A considerably more informative definition is needed, and it should be
something that different people around the globe can understand in a
reasonably similar manner. I'm afraid the definitions of "exemplar
character sets" become rather useless, if they are set up according to
greatly varying criteria.
The concept "collection of characters used in a language" is vague and
fuzzy. The multitude of possible interpretations needs to be squeezed down
to a small set of manageable definitions, though I'm afraid just two (the
basic set and the auxiliary set) isn't quite enough.
I hope the discussions can start before people waste far too much time in
considering the sets and debating about them, without knowing what they
are actually trying to define.

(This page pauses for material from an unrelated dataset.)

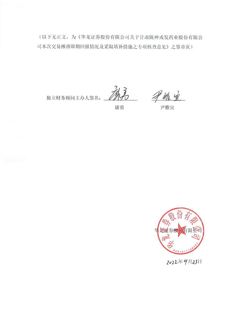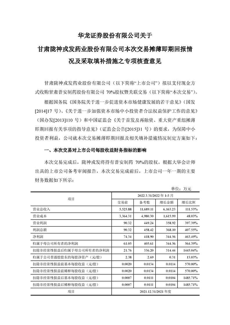 華龍證券股份有限公司關(guān)于甘肅隴神戎發(fā)藥業(yè)股份有限公司本次交易攤薄即期回報(bào)情況及采取填補(bǔ)措施之專項(xiàng)核查意見

I'd like to suggest a concrete starting
point, namely to consider whether the following tentative definitions
would be a suitable basis:
- The set of characters that is regarded as the absolute minimum
for writing a language, including punctuation and controls.
Any application should support this set before it can be said
to support the language.
- The set of characters that are considered as the basic repertoire
for use in orthographically correct writing of the language,
without any ASCII-era compromises like ambiguous semantics for "-".
This means roughly speaking the characters you can expect to find
in books in the language for a general audience.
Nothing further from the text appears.